Where Holocaust denial is welcomed
Iran has been severely criticised for hosting a conference questioning the Holocaust. Delegates included not only some of the world's best-known Holocaust deniers, but also white supremacists and anti-Semites.
In the BBC there's a lot of talk about impartial broadcasting. I've always wondered how that would work if you were the BBC correspondent in Nazi Germany reporting on Hitler.
Would you not have to take sides? Well I got closer than ever before to this problem reporting on Iran's Holocaust conference.
I have interviewed suicide bombers, sexually-abused children, raped women - I have seen the devastation of war and the tsunami.
But I have never reported on anything like this. On the second day some of the delegates were coming up to me congratulating me on my coverage of the story.
I was actually lurking around wondering if they wanted to kill me for calling them Holocaust deniers and members of the Ku Klux Klan.
Quite the contrary - all publicity is good publicity for these sort of people. They were delighted to have made it onto the BBC and did not think being called a holocaust denier was at all insulting.
Only one Malaysian woman whose interview I didn't broadcast looked at me rather sourly.
The conference was organised by the Iranian Foreign Ministry in a centre where normally the topic of discussion is the price of oil or the future of the non-aligned movement.
When it is so difficult for an American to get an Iranian visa, I cannot understand how the government here let in a man who has been described as perhaps America's best known racist.
There's a photograph on the internet of a young David Duke wearing a swastika on his arm.
He formed the National Association for the Advancement of White People, not to mention the Knights of the Ku Klux Klan.
One of my colleagues tried to explain to a foreign ministry official what sort of organisation the Klan was - he talked of its history - men in white hoods going around lynching black people.
The official just shrugged it off. I wondered if the Foreign Ministry lost control over the guest list but then again the visa process is rigorous - it took my mother more than three months to get a tourist visa for Iran.
But it was not just white supremacists - the guest list was a who's who of Holocaust deniers - men who have spent time in prison in Europe for saying Hitler's gas chambers never existed.
A small clique of apologists for the Third Reich with only fringe appeal suddenly revelling in being mainstream - well mainstream at least in Iran.
Let me give you a flavour of the so-called academic papers they delivered. One French speaker said: "The Holocaust is a gigantic lie and the gas chambers should be put in the rubbish bin of history."
He had already spent one year in prison because of what he called "one of his little books". Little books - but big lies - denying the Nazis had a deliberate policy to exterminate the Jewish people.
He summed up his argument succinctly. He claimed there were no gas chambers at all - millions of Jews did not die - therefore there was no holocaust.
And if there was no Holocaust then there was no justification for the creation of the state of Israel.

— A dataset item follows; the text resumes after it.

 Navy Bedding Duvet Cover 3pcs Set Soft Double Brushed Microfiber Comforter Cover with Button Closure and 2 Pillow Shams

Therefore Israel was an impostor.
It had all the simplicity of a mathematical proof - refuting the worst genocide in living memory and absolving one of the most evil and wicked regimes in history of its crimes against humanity.

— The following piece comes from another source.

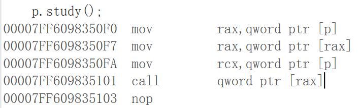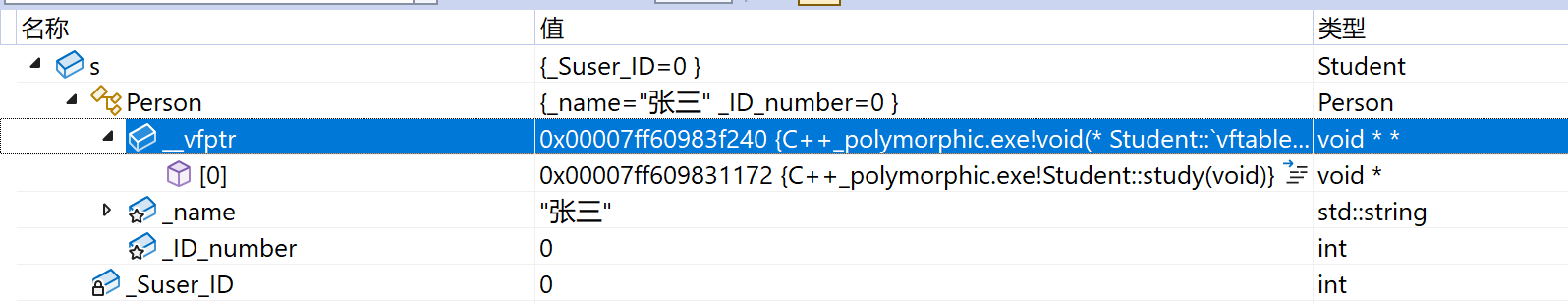 这里__vfptr就是虚函数表指针,里面存储的就是study这个虚函数的地址。

So this was the aim of the conference for Iran - to undermine the very argument for the existence of Israel.
And also to score a few points over the West on the issue of freedom of speech. Every delegate I interviewed congratulated Iran on its commitment to freedom of speech which they said was absent in the West where their comrades were in jail for denying the Holocaust.
They all paid tribute to their new hero, President Mahmoud Ahmedinejad. I asked them if they knew about the journalists and students who have been jailed in Iran for pushing the limits of freedom of speech in this country.
They were vague - happy to whitewash Iran without knowing the facts. As a journalist living and working in Iran I found it particularly galling to be told that I had freedom of speech by these people.
Eventually I found one of the movers and shakers behind the conference - a friend of President Ahmedinejad and asked him why there was freedom of speech to deny the Holocaust but not to criticise the Iranian government.
He told me there was complete freedom but the Western media was in the pocket of the Zionists and sent spies to undermine Iran's national security.
Presumably he meant all the students, bloggers, journalists and human rights lawyers who've been jailed here are Zionist spies.
Then he went on to say that the very presence of a BBC correspondent in Iran proved there was freedom of speech. Another twisted logic.
But when all the delegates were taken to see President Ahmedinejad for a mutual admiration session, the BBC, unlike other foreign media, was excluded from covering it. So much for Iranian freedom of speech.